Perform grid search to fine-tune hyperparameters for top models. Then evaluate on the held-out test set:

| Model | Test Accuracy | Precision | Recall | F1-score |
| :----------------------------- | ------------: | --------: | -----: | -------: |
| RandomForestClassifier | 0.56 | 0.58 | 0.55 | 0.56 |
| SVC | 0.61 | 0.63 | 0.60 | 0.61 |
| HistGradientBoostingClassifier | 0.59 | 0.60 | 0.58 | 0.59 |
| VotingClassifier | 0.60 | 0.62 | 0.59 | 0.60 |
| XGBClassifier | 0.57 | 0.59 | 0.56 | 0.57 |

and the SVM confusion matrix
```text
test report
Accuracy: 0.6439024390243903
Weighted-average F1 Score: 0.6483679371842618
```
![png](sentiment_files/sentiment_92_4.png)
![png](sentiment_files/sentiment_92_5.png)
---
## 🎯 5. Real-World Text Testing 🚀

To validate our pipeline, we feed unlabeled sentences into the trained model and inspect predicted emotions:

| Sentence | Predicted Emotion | Notes |
| --------------------------------------------- | :---------------: | ------------------------------------------------------ |
| بسیار نرم و لطیف بوده و کیفیت بالایی داره. | 😊 HAPPY | Positive product review, model captures joy. |
| اصلا رنگش با چیزی که تو عکس بود خیلی فرق داشت | 😠 ANGRY | Color mismatch complaint; model flags anger correctly. |
| دلم میخواد زیبا باشم و دوست داشته بشم :( | 😢 SAD | Expresses longing and sadness; model picks up sadness. |
| لج بازیو بذار کنار یه فرصت دیگه بهت میدم | 😐 OTHER | Ambiguous tone; defaulted to OTHER category. |

## 📝 6. Conclusion

This Persian text emotion classification project demonstrates a full end-to-end pipeline—from raw data exploration and meticulous preprocessing with Hazm, through comprehensive feature engineering using both FastText embeddings and TF-IDF, to rigorous model selection, hyperparameter tuning, and evaluation.

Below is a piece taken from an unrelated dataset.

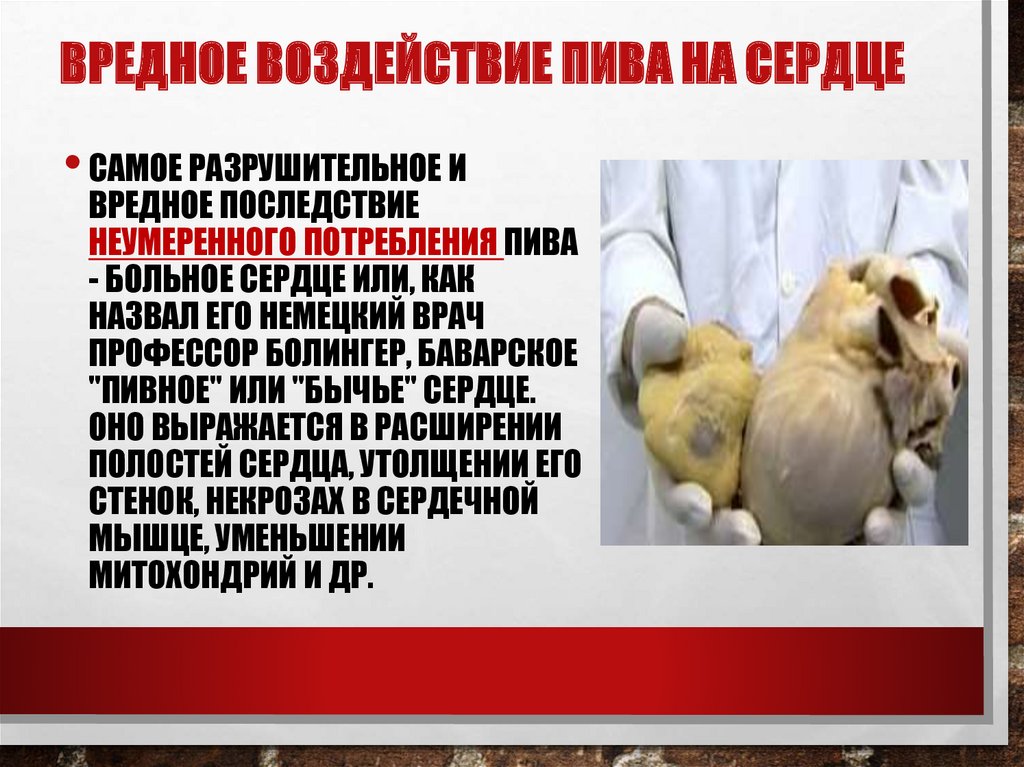 Одно из самых пагубных воздействий пиво оказывает именно на сердце. При регулярном употреблении пива происходит увеличение размеров сердца, оно становится дряблым и хуже справляется с перекачкой крови. Врачи называют такие изменения синдромом «бычьего сердца», «капронового чулка».
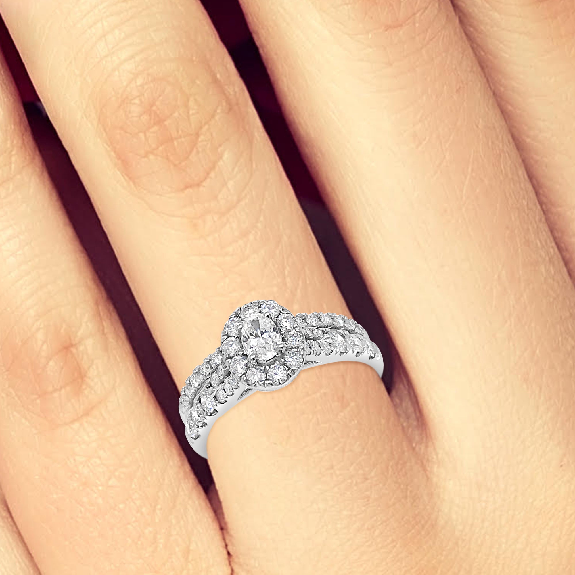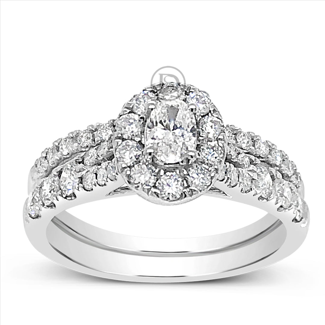 Diamond Oval Halo Engagement Ring 1.19 CTW Round Cut 14K White Gold

Key insights include:

* **Data Quality Matters**: Thorough cleaning and normalization steps significantly improve representation consistency.
* **Semantic Vectors vs. TF-IDF**: FastText embeddings yielded richer contextual features, slightly outperforming TF-IDF across most classifiers.
* **Model Diversity**: Ensemble methods like VotingClassifier and robust classifiers like SVM provided the best generalization performance.

Moving forward, further enhancements could include deep learning architectures (e.g., Transformers), advanced hyperparameter optimization, and deployment in a production environment using Flask or FastAPI. This framework is extensible and can be adapted to other Persian NLP tasks.